Isaiah 61: 1-4, 8-11

After decades of intimidation, war and finally the total destruction of Jerusalem and then captivity by the Babylonians, every aspect of the personal and social life of God’s people is in shambles.  The people of God are demoralized and resigned to their hopeless circumstances.  But, the preacher feels called by the Lord God to make a startling promise: in short, God will reverse every hopeless aspect of their lives.  Re-energized, he continues, the people of God will re-build out of the ruins in which they now live the beloved City of Jerusalem and many of the lesser cities, too.  These people of despair will, in the future, come to be known as “the planting of the Lord.”  Why will God do these things?  “For I the Lord love justice….”  As reliably as the garden returning after a barren season, “the Lord will cause righteousness to spring up….”   [The Book of Isaiah is cited in the Christian scriptures more than any other book from the Hebrew scriptures than the Psalms.]

  • Psalm 126

The psalmist invokes that time when Jerusalem will be restored.  He uses everyday experiences to confirm the promise of renewal and new life: people who laugh uncontrollably when their fondest dream came true; rivers flowing again after drought.  As reliably as the cycles of nature, “those who sow in tears/in glad song will reap.”

  • I Thessalonians 5: 16-24

Rejoice, pray, give thanks, Paul exhorts.  Do not restrict the Spirit of God when God does the unexpected.

  • John 1: 6-8, 19-28

Because the times for the writer of the Gospel of John is quite different than the synoptic gospels, his treatment of the important historical figure of John the Baptizer is distinctive.  Here the significance of John the Baptizer is parsed carefully.  John is not the Messiah.  Nor is he even the prophet expected before the Messiah, Elijah.  He is not any of the other prophets.  His is “the voice” posited by Isaiah, “crying in the wilderness.”  His cry is singular:  to alert any who will listen that “among you is the Messiah.”
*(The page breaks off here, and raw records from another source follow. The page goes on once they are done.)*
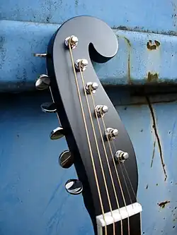 By 1825/30, the instruments usually had a headstock in a figure eight shape (similar in shape to the guitar's body). In 1825 Stauffer invented the machine heads named after him: a metal plate with an asymmetrical "scroll" headstock, machine heads with worm gears mounted on the plate, arranged in a single line on the upper side of the head stock (six-in-line). This "Stauffer" headstock and design was reproduced by his son Anton, and copied by many luthiers in the 19th century. The asymmetrical headstock is variously referred to as being shaped like a "scroll" (a violin scroll in profile), a "snail", and a "Persian slipper". The Stauffer-style scroll headstock and tuning machines have been in use since the 19th century and continue to be used on guitar-related instruments in Central Europe such as larger tamburica.[6][7] As of 2018, Stauffer style tuning machines are still made by some companies, and some luthiers continue to make “Viennese guitars”.[8][9]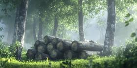 Misty Forest Lumber Pile in SunDappled Woods Nature Photography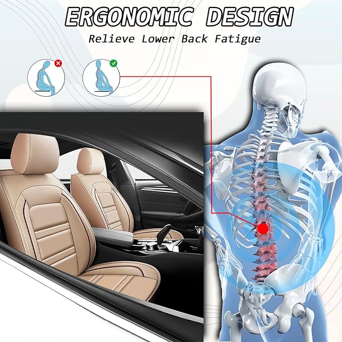 Seat Covers for Nissan Car Juke 2011-2017 | 5-Seats Leather Seat Covers, Easy to Install Automotive Seat Covers Full Set (Full Set, Beige)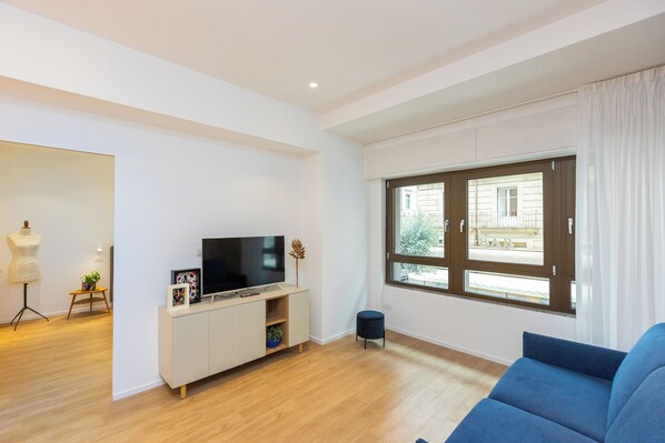 Luxury and Comfort in the Heart of Rome – Elegant Two-Bedroom Apartment on Via Tacito. Nestled in one of Rome’s most sophisticated areas, just a short walk from Piazza Cavour and the Vatican, this newly renovated apartment blends refined aesthetics with ultimate comfort, offering an exclusive and stylish retreat. The interiors showcase a soft, neutral color palette of beige, light gray, and ivory, creating a serene and elegant atmosphere. The large windows allow natural light to flood the space, highlighting the high-end materials, including parquet and sleek, modern furnishings. The spacious living area is designed for relaxation and entertainment, featuring a comfortable sofa bed, a flat-screen TV, and a stylish dining table for up to 6 people. The fully equipped open kitchen, fitted with premium appliances, offers a seamless cooking experience. The apartment boasts two beautifully designed bedrooms: the master bedroom with a double bed, plush linens, and soft lighting for a peaceful retreat, and a second bedroom with a French-size bed, perfect for additional guests or those seeking a cozy, private space. Both of them have a TV. The two elegant bathrooms are designed with sleek finishes and spacious walk-in showers, offering a ultimate relaxation. Adding to the apartment’s convenience, a washer/dryer combo ensures comfort for longer stays, while well-organized storage solutions provide practicality without compromising style. Ideal for travelers looking for a sophisticated stay, this apartment perfectly combines modern elegance with the timeless charm of Rome, making it an exceptional choice for a memorable visit to the Eternal City.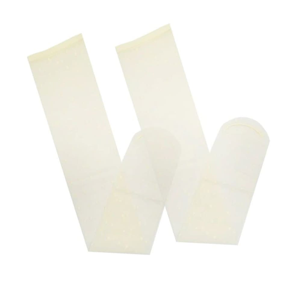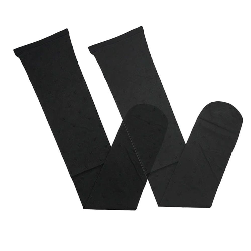 This aesthetic pair of over-the-knee stockings featuring sheer mesh fabric with black polka dots and a soft elastic band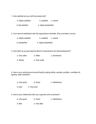The document outlines a survey given to employees at Eminent Business Solutions to assess employee morale. The 20 question survey gathered information on demographics, job satisfaction, benefits, work environment, relationships, responsibilities, independence, policies, workload, work-life balance, creativity, challenges, skills development, goal setting, appreciation, suggestions, health & safety, job security, and involvement. The purpose of the survey was to better understand employee satisfaction and morale to identify areas for improvement at the organization.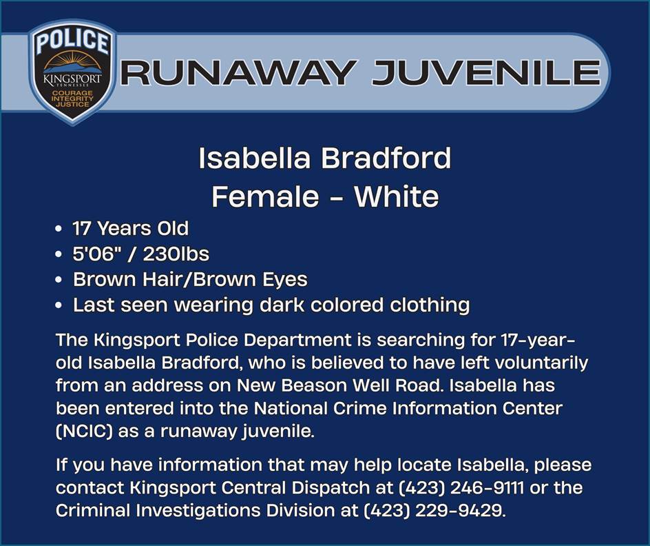 - Seventeen-year-old (17) Isabella Bradford is originally from Knoxville, Tennessee. Isabella is a white female with brown hair and brown eyes; she is about 5’6″ tall and 230 pounds.

These readings and gospel direct our attention not to anticipation for the birth of Jesus, but to the actualization of what John Caputo calls, “Messianic time.”  In his self-described “Michelin’s guide to Jacques Derrida,”  The Prayers and Tears of Jacques Derrida, Caputo cites “Messiah” or its derivatives on 89 of its 339 pages.  The stakes for “Messianic time” are high.  Caputo writes:

“Messianic time is prophetic time, the time to come, that disturbs the present with the call for justice, which calls the present beyond… itself.  For the most unjust thing of all would be to close off the future by saying that justice is present, that the present time is just…”  (p. 81.  O

On the same page but just before this excerpt Caputo has written:

Justice means doing justice, doing the truth… in order that he might come, in order to bring about messianic time, the epoche of the Messiah.”

John’s gospel begins with John the Baptizer daring to announce: “The Messiah is already among you.”  The announcement sets the time of justice in motion.  Isaiah declares that at precisely the  time when God’s people have become resigned to the impossibility of justice, the preacher must announce/remind/initiate/allow/permit/incite a new era, God’s time of justice.  Why?  Because the Lord “loves justice.” 

Caputo concludes:

“…justice is precisely unseeable, and unforeseeable….”  “Justice does not reside high above but settles into the flesh of the least among us, pitching its tent among us.  Justice is not above us but urgently required here and now, even as it is something you press forward to with passion, with prophetic and messianic fire… with a fiercely burning ruah, something with which you must keep faith, the passion of faith….” (p. 338)

Paul warns not to restrict the Spirit.  Let it flow where it will.  Although we never know exactly when or where or how God’s justice will re-assert itself, (just as we never know precisely when it will rain), we announce and work for God’s justice, taking for granted that the parched river bed will once again babble and gush with water. 

Be alert for “messianic time.” Live by “messianic time.”  “The Messiah is already among you.”